Work instruction> Output only the lines that run from the line holding "Apvalus, aukso spalvos" to the end of the entries, both ends included, and skip the pictures.

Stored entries
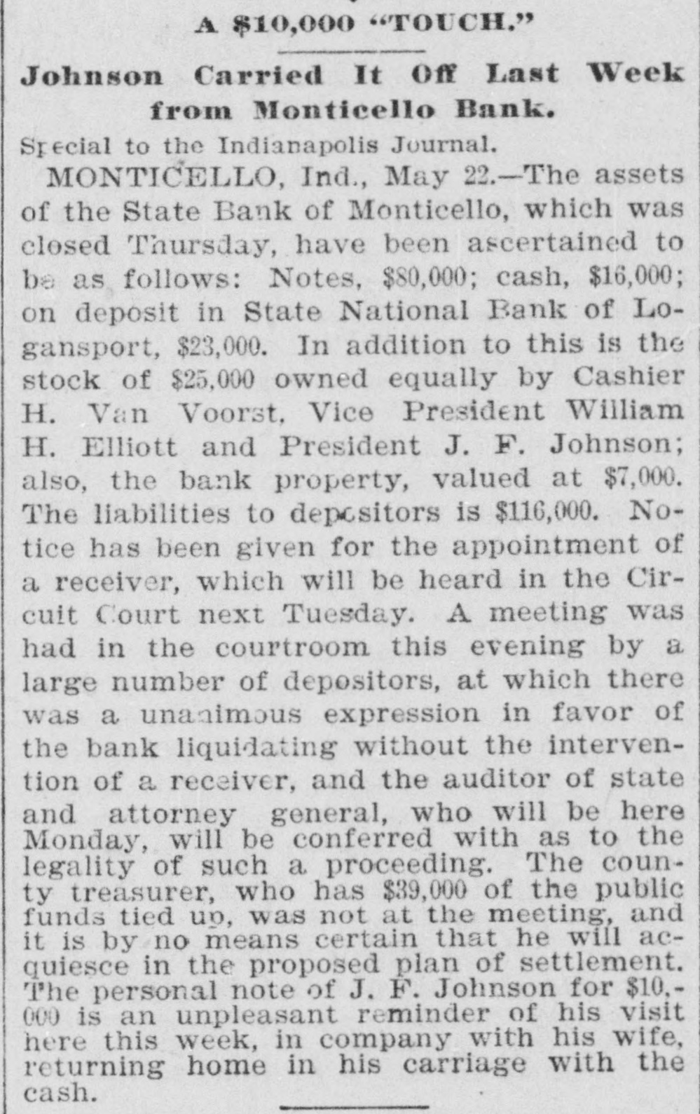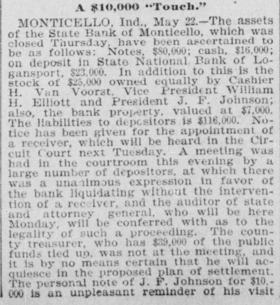 A $10,000 "Touch." MONTICELLO, Ind., May 22.-The assets of the State Bank of Monticello, which was closed Thursday, have been ascertained to be as follows: Notes, $80,000; cash, $16,000; on deposit in State National Bank of Logansport, $23,000. In addition to this is the stock of $25,000 owned equally by Cashier H. Van Voorst. Vice President William H. Elliott and President J. F. Johnson; also, the bank property, valued at $7,000. The liabilities to depositors is $116,000. Notice has been given for the appointment of a receiver, which will be heard in the Circuit Court next Tuesday. A meeting was had in the courtroom this evening by a large number of depositors, at which there was a unanimous expression in favor of the bank liquidating without the intervention of a receiver, and the auditor of state and attorney general, who will be here Monday, will be conferred with as to the legality of such a proceeding. The county treasurer, who has $39,000 of the public funds tied up, was not at the meeting, and it is by no means certain that he will acquiesce in the proposed plan of settlement. The personal note of J. F. Johnson for $10.000 is an unpleasant reminder of his visit
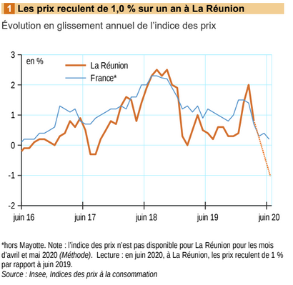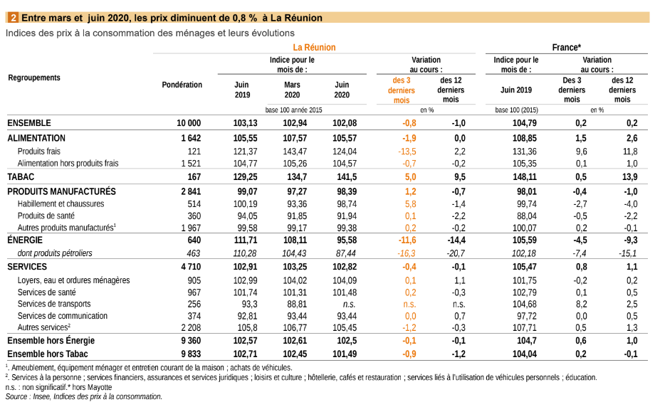 En juin 2020, à La Réunion les prix à la consommation reculent de 0,8 % par rapport à mars 2020. Les prix de l’énergie reculent fortement, accompagnés de la baisse des prix des produits alimentaires et des services. À l’inverse, les prix des produits manufacturés et du tabac augmentent. Sur un an, les prix reculent de 1,0 % à La Réunion, alors qu’ils augmentent de 0,2 % en France, hors Mayotte
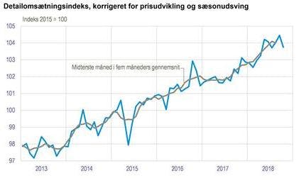 Overordnet har detailsalget været stigende gennem 2018. Udviklingen trækkes af solide privatøkonomiske forudsætninger. Beskæftigelsen er steget 66 måneder i streg og er rekordhøjt, vores boliger er steget i værdi, vores lønninger stiger mere end priserne i butikkerne og renterne er fortsat på et meget lavt niveau. Alt det er med til at give luft i de danske husholdningsbudgetter og dermed plads til øget forbrug.
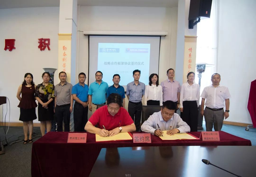 本网讯(交通工程学院 邹俊辉/文 秦志颖/图)2018年7月20日,我校与贵州省公路开发有限责任公司、贵州省公路工程集团有限公司战略合作协议签约仪式在贵州理工学院喀斯特会议厅举行。贵州省公路开发有限责任公司党委书记、董事长袁泉,董事、副总经理马白虎,董事、副总经理翦继军,贵州省公路工程集团有限公司党委书记、董事长廖柳,党委副书记高绚、副总经理田洪松,校党委书记曾羽,副校长宋建波、苏向东等出席了签约仪式。签约仪式由宋建波主持。
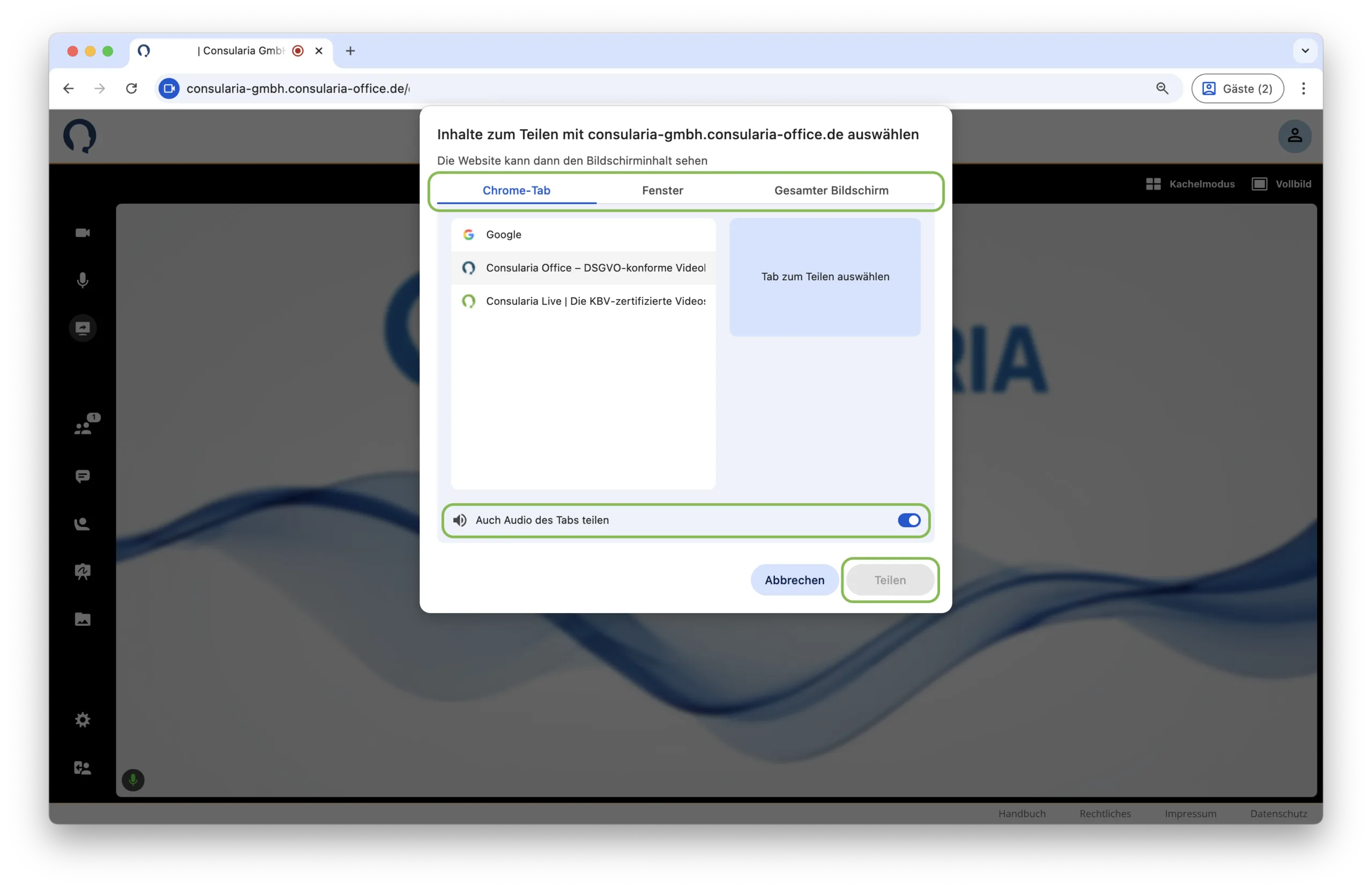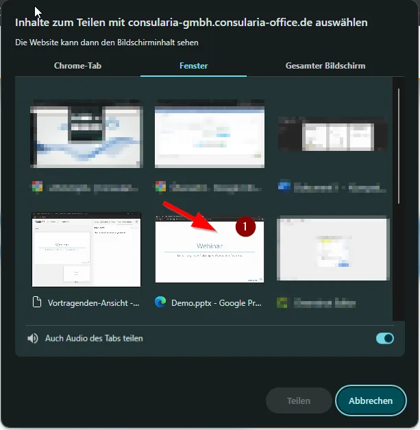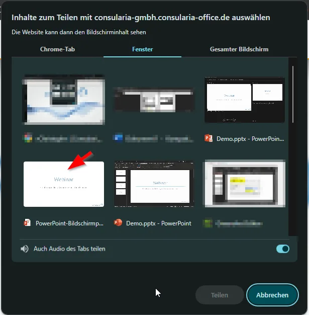 Wählen Sie dann den entsprechenden Tab / das entsprechende Fenster aus, welches Sie teilen möchten, oder wählen Sie »Gesamter Bildschirm«, um diesen entsprechend freizugeben. Wenn Sie bspw. ein Video präsentieren möchten, oder für Teile Ihrer Präsentation auch ein Audiosignal übertragen werden soll, wählen Sie beim Teilen unten »Auch Audio des Tabs teilen« aus.
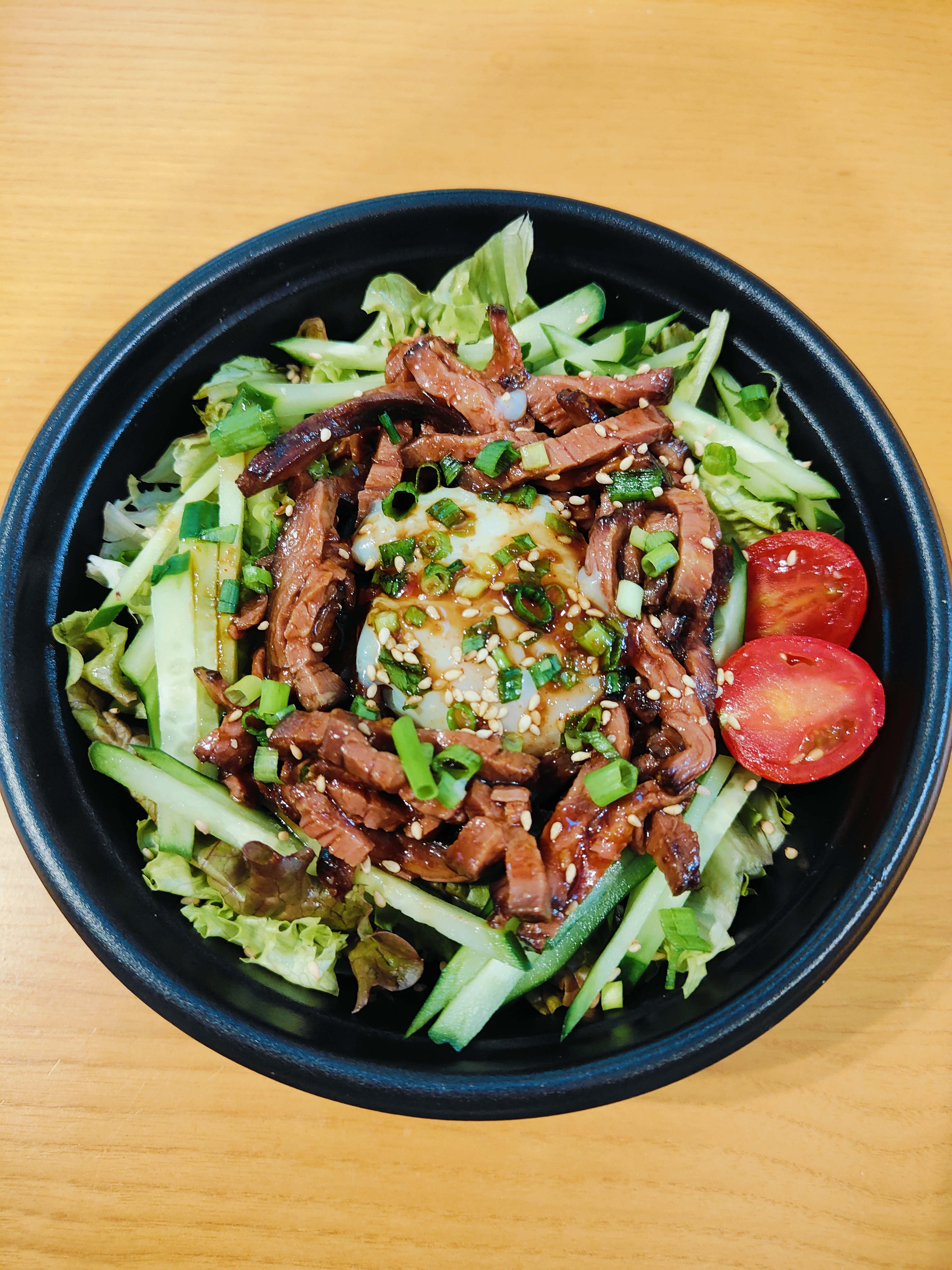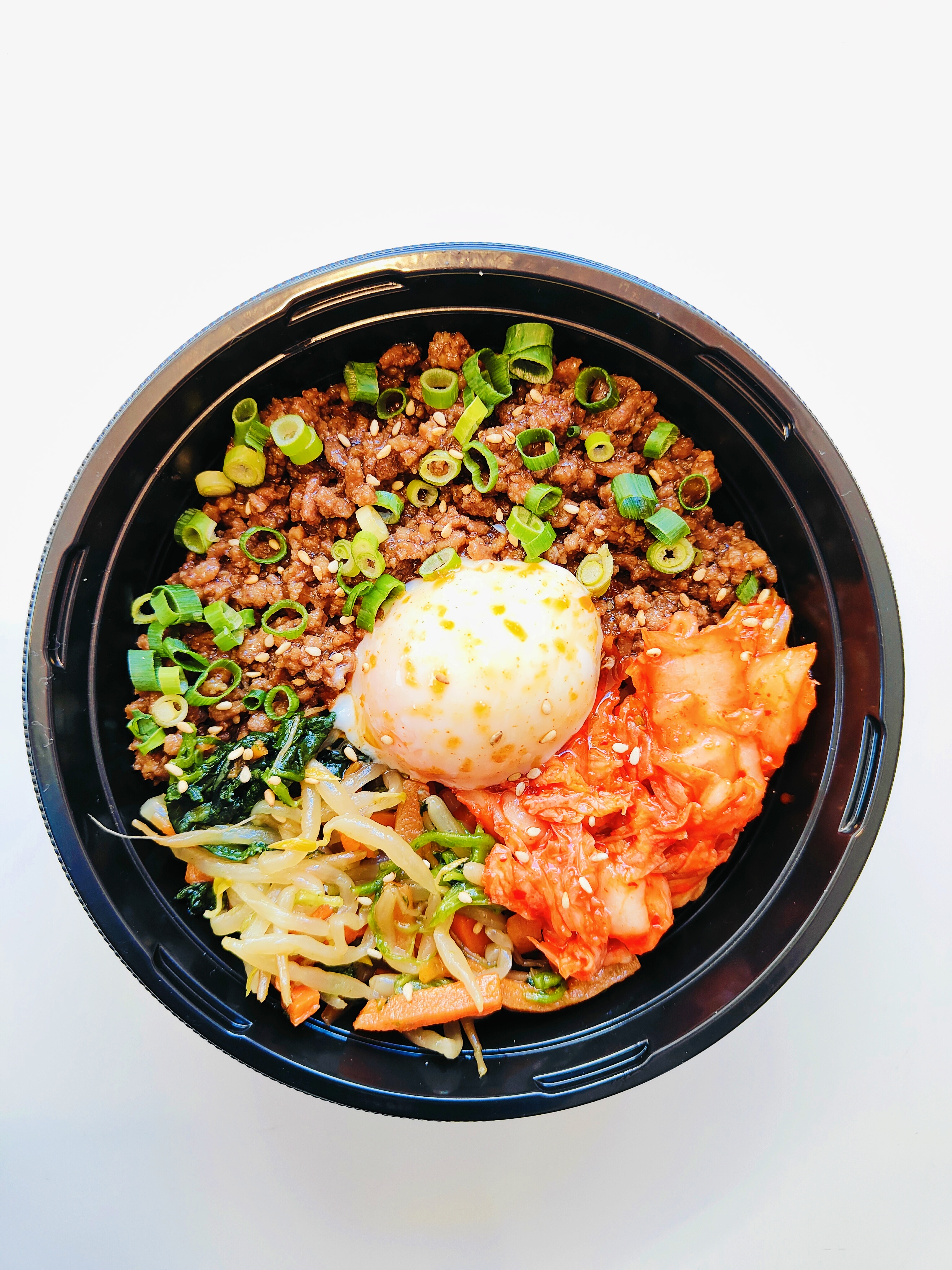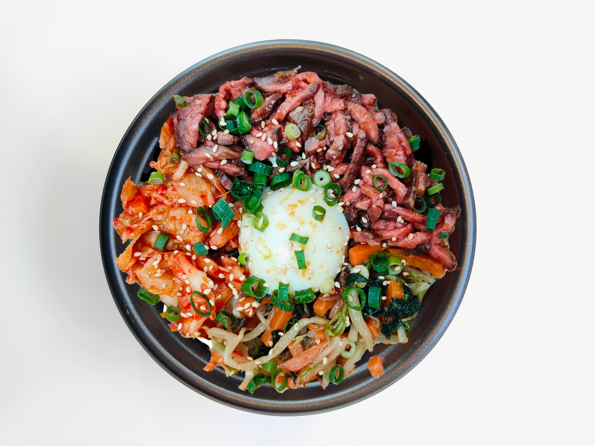 ローストビーフユッケ風丼、ビビンバ、そぼろキムチ丼
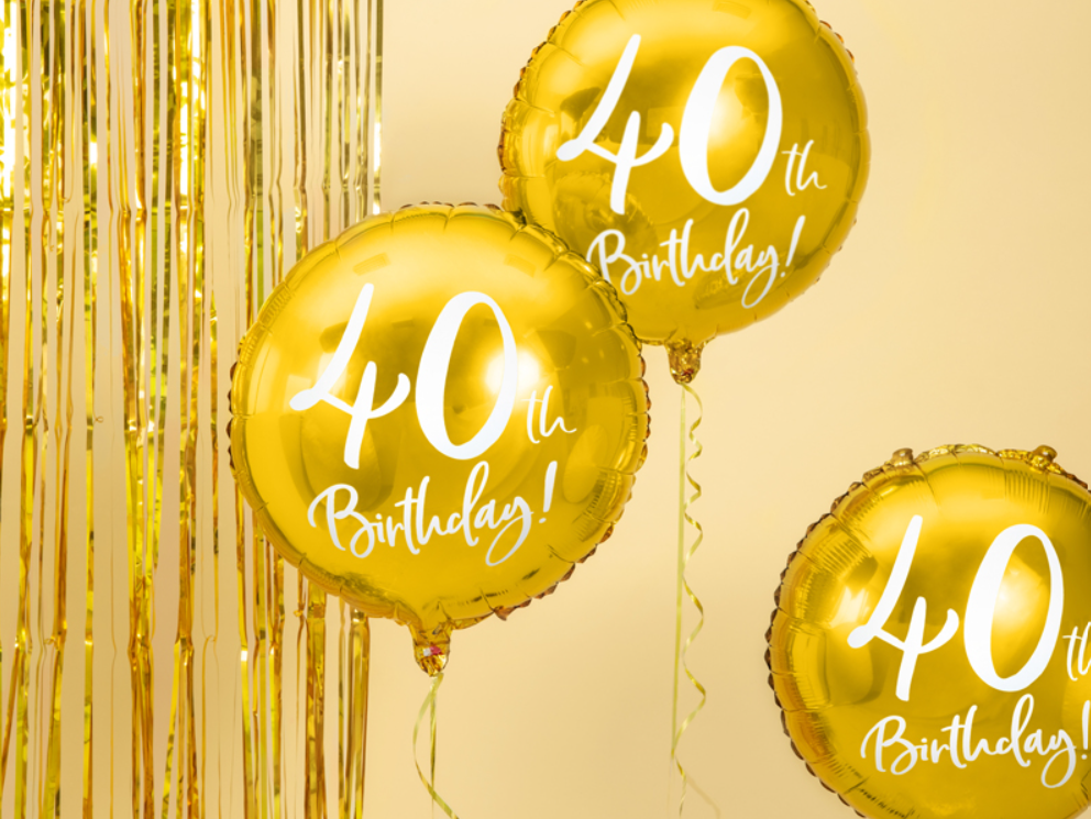 Apvalus, aukso spalvos jubiliejinis balionas.
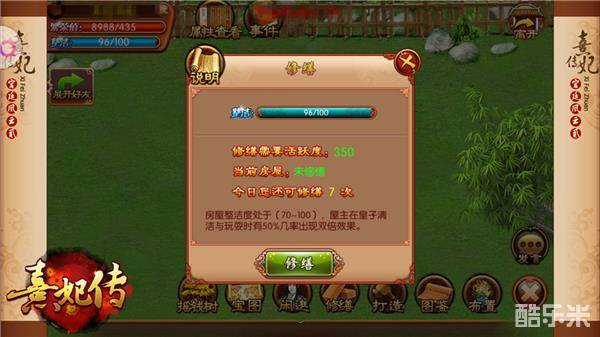 修缮玩法即为之前的府邸打扫改版。当府邸整洁度降低到70后,小主可对府邸进行修缮,活跃度需满350,且每日只可修缮一次。干净整洁的府邸能让皇子健康成长,相反,当府邸清洁度过低时,会影响许愿树的成长,白白浪费许愿次数。如果小主自行修缮后仍达不到理想的整洁度,可邀请同服好友来帮助修缮府邸,可获得各种随机奖励哦!
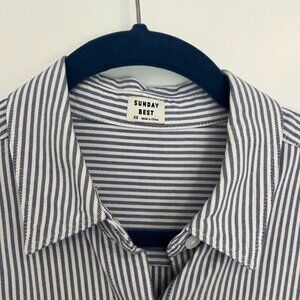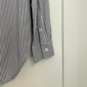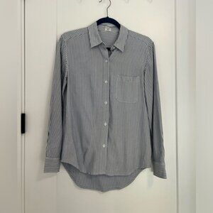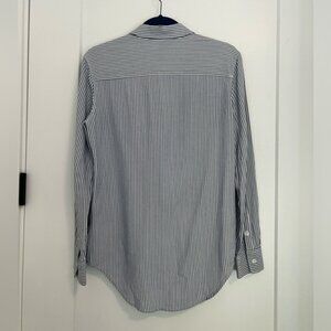 This is a menswear-inspired shirt with faux-shell buttons, pleat details and a breast pocket.

Response>
 Apvalus, aukso spalvos jubiliejinis balionas.
 修缮玩法即为之前的府邸打扫改版。当府邸整洁度降低到70后,小主可对府邸进行修缮,活跃度需满350,且每日只可修缮一次。干净整洁的府邸能让皇子健康成长,相反,当府邸清洁度过低时,会影响许愿树的成长,白白浪费许愿次数。如果小主自行修缮后仍达不到理想的整洁度,可邀请同服好友来帮助修缮府邸,可获得各种随机奖励哦!
 This is a menswear-inspired shirt with faux-shell buttons, pleat details and a breast pocket.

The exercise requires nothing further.